Exercise aim: Write the data out in full and word for word. Do not include images.

Data supplied START

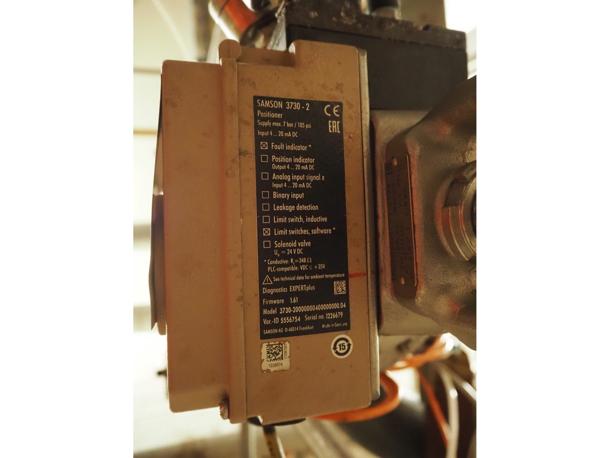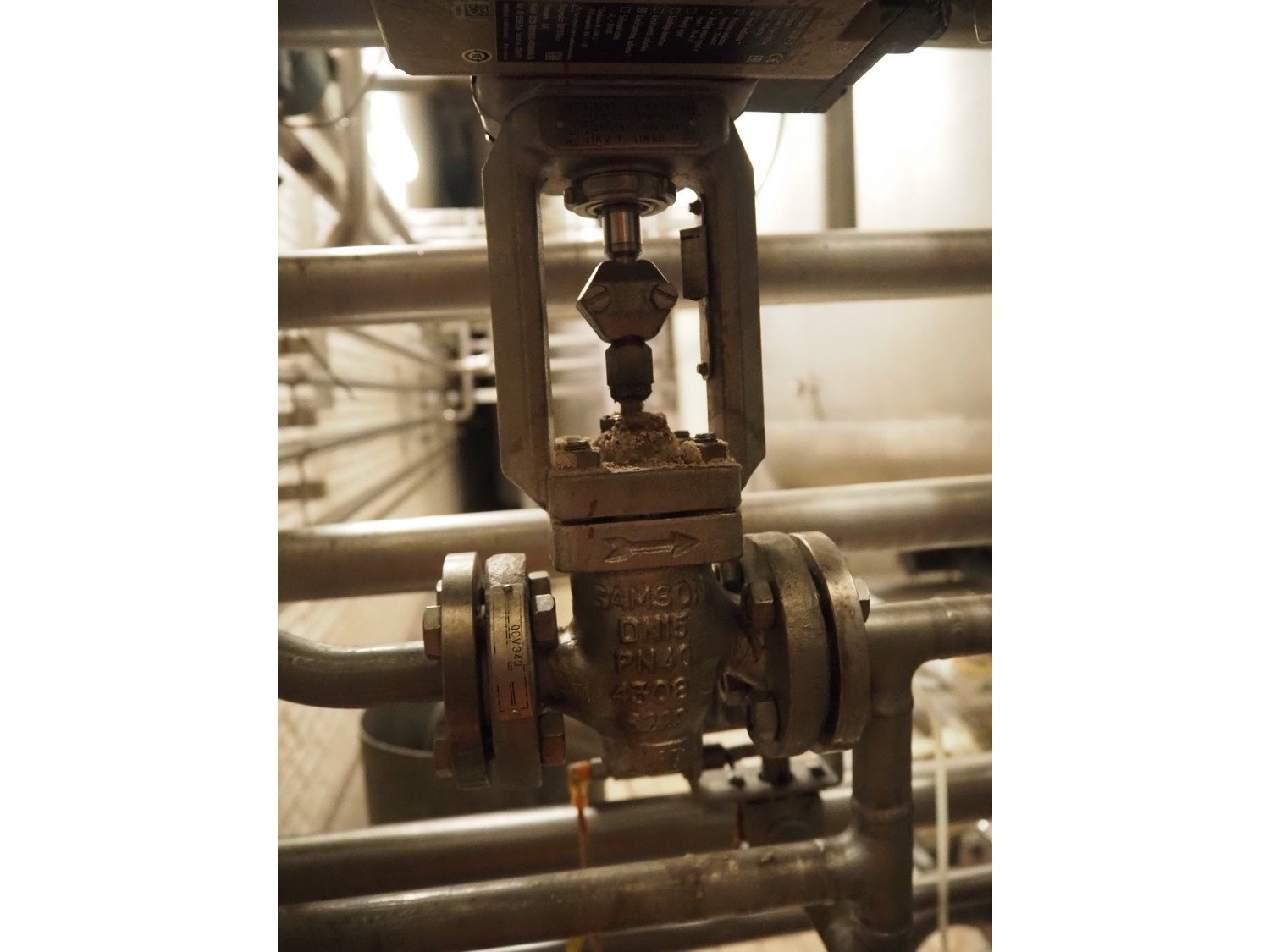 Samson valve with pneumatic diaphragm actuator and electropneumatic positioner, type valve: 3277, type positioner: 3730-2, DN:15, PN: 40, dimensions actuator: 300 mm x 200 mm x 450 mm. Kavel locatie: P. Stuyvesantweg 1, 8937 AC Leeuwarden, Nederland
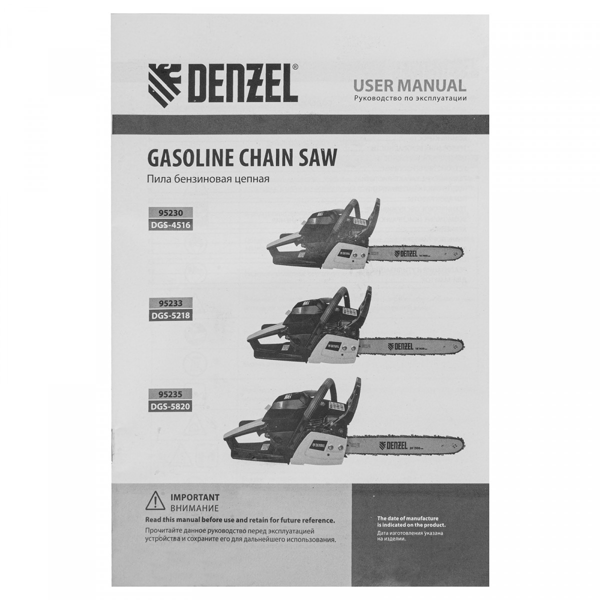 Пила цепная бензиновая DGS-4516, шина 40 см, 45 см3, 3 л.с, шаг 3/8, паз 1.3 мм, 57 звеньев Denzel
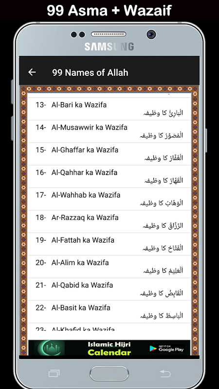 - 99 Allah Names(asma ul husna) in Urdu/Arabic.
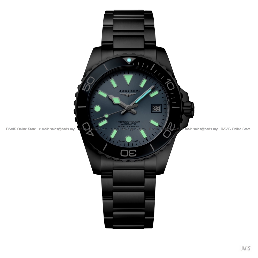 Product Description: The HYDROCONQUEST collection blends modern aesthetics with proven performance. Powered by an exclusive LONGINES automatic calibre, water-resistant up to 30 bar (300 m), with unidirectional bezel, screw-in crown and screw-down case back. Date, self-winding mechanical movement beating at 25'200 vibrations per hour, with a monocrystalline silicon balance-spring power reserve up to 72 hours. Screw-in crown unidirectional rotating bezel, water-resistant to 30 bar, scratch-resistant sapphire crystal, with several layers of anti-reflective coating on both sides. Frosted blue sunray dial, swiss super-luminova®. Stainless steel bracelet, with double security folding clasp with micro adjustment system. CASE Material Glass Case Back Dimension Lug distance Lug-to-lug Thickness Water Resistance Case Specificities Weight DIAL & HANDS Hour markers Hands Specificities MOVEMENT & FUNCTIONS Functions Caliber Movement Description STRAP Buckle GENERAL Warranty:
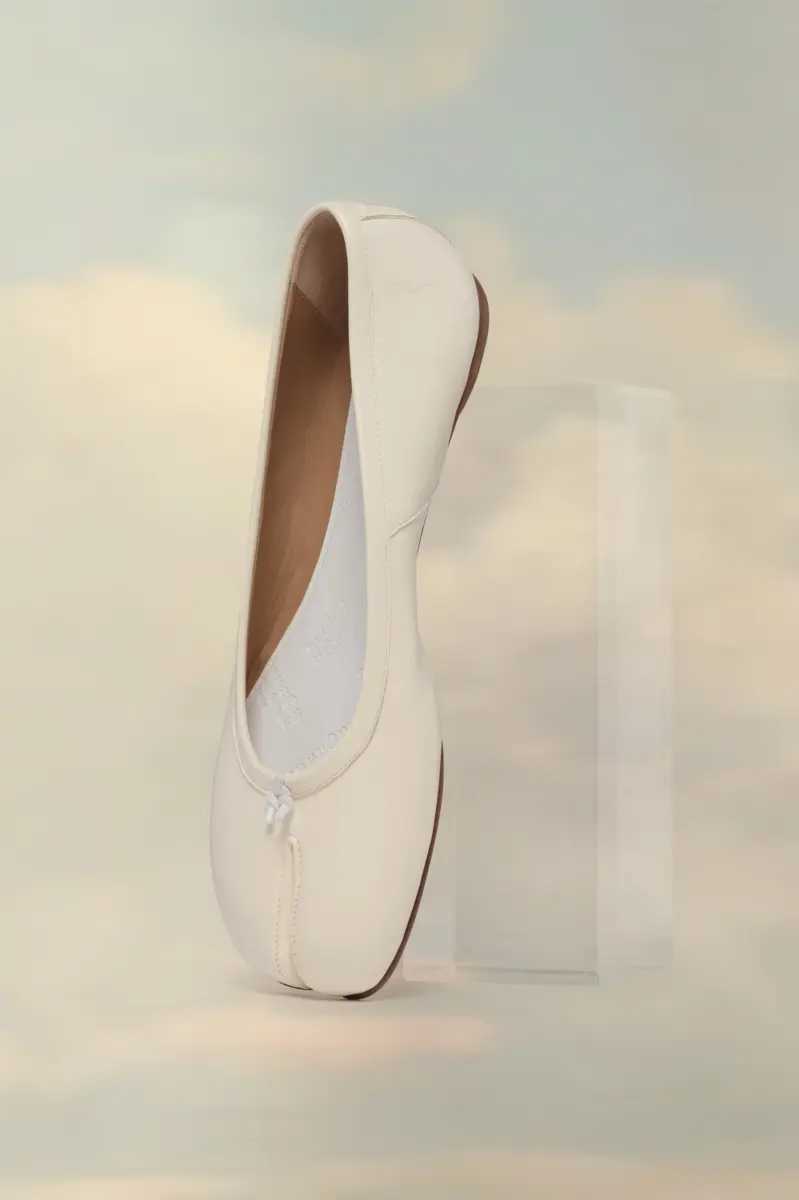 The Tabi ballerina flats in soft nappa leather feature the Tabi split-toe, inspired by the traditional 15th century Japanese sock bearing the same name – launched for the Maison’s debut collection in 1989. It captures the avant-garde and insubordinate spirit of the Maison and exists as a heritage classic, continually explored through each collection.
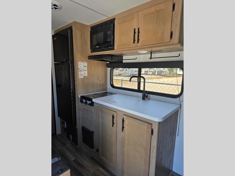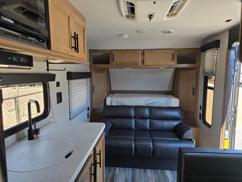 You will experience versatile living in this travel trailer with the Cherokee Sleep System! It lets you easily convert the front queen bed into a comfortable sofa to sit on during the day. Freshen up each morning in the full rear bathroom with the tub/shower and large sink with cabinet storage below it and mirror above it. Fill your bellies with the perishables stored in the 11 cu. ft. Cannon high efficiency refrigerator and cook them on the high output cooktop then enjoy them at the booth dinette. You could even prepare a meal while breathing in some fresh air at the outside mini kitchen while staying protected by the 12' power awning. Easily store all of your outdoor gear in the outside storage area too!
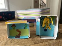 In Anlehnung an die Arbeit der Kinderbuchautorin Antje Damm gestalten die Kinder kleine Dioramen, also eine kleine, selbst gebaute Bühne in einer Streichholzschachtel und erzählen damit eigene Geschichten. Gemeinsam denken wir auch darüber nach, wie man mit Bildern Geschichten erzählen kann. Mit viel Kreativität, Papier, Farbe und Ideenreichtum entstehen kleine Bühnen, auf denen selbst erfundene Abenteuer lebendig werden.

Data supplied END

Task solution:
 Samson valve with pneumatic diaphragm actuator and electropneumatic positioner, type valve: 3277, type positioner: 3730-2, DN:15, PN: 40, dimensions actuator: 300 mm x 200 mm x 450 mm. Kavel locatie: P. Stuyvesantweg 1, 8937 AC Leeuwarden, Nederland
 Пила цепная бензиновая DGS-4516, шина 40 см, 45 см3, 3 л.с, шаг 3/8, паз 1.3 мм, 57 звеньев Denzel
 - 99 Allah Names(asma ul husna) in Urdu/Arabic.
 Product Description: The HYDROCONQUEST collection blends modern aesthetics with proven performance. Powered by an exclusive LONGINES automatic calibre, water-resistant up to 30 bar (300 m), with unidirectional bezel, screw-in crown and screw-down case back. Date, self-winding mechanical movement beating at 25'200 vibrations per hour, with a monocrystalline silicon balance-spring power reserve up to 72 hours. Screw-in crown unidirectional rotating bezel, water-resistant to 30 bar, scratch-resistant sapphire crystal, with several layers of anti-reflective coating on both sides. Frosted blue sunray dial, swiss super-luminova®. Stainless steel bracelet, with double security folding clasp with micro adjustment system. CASE Material Glass Case Back Dimension Lug distance Lug-to-lug Thickness Water Resistance Case Specificities Weight DIAL & HANDS Hour markers Hands Specificities MOVEMENT & FUNCTIONS Functions Caliber Movement Description STRAP Buckle GENERAL Warranty:
 The Tabi ballerina flats in soft nappa leather feature the Tabi split-toe, inspired by the traditional 15th century Japanese sock bearing the same name – launched for the Maison’s debut collection in 1989. It captures the avant-garde and insubordinate spirit of the Maison and exists as a heritage classic, continually explored through each collection.
 You will experience versatile living in this travel trailer with the Cherokee Sleep System! It lets you easily convert the front queen bed into a comfortable sofa to sit on during the day. Freshen up each morning in the full rear bathroom with the tub/shower and large sink with cabinet storage below it and mirror above it. Fill your bellies with the perishables stored in the 11 cu. ft. Cannon high efficiency refrigerator and cook them on the high output cooktop then enjoy them at the booth dinette. You could even prepare a meal while breathing in some fresh air at the outside mini kitchen while staying protected by the 12' power awning. Easily store all of your outdoor gear in the outside storage area too!
 In Anlehnung an die Arbeit der Kinderbuchautorin Antje Damm gestalten die Kinder kleine Dioramen, also eine kleine, selbst gebaute Bühne in einer Streichholzschachtel und erzählen damit eigene Geschichten. Gemeinsam denken wir auch darüber nach, wie man mit Bildern Geschichten erzählen kann. Mit viel Kreativität, Papier, Farbe und Ideenreichtum entstehen kleine Bühnen, auf denen selbst erfundene Abenteuer lebendig werden.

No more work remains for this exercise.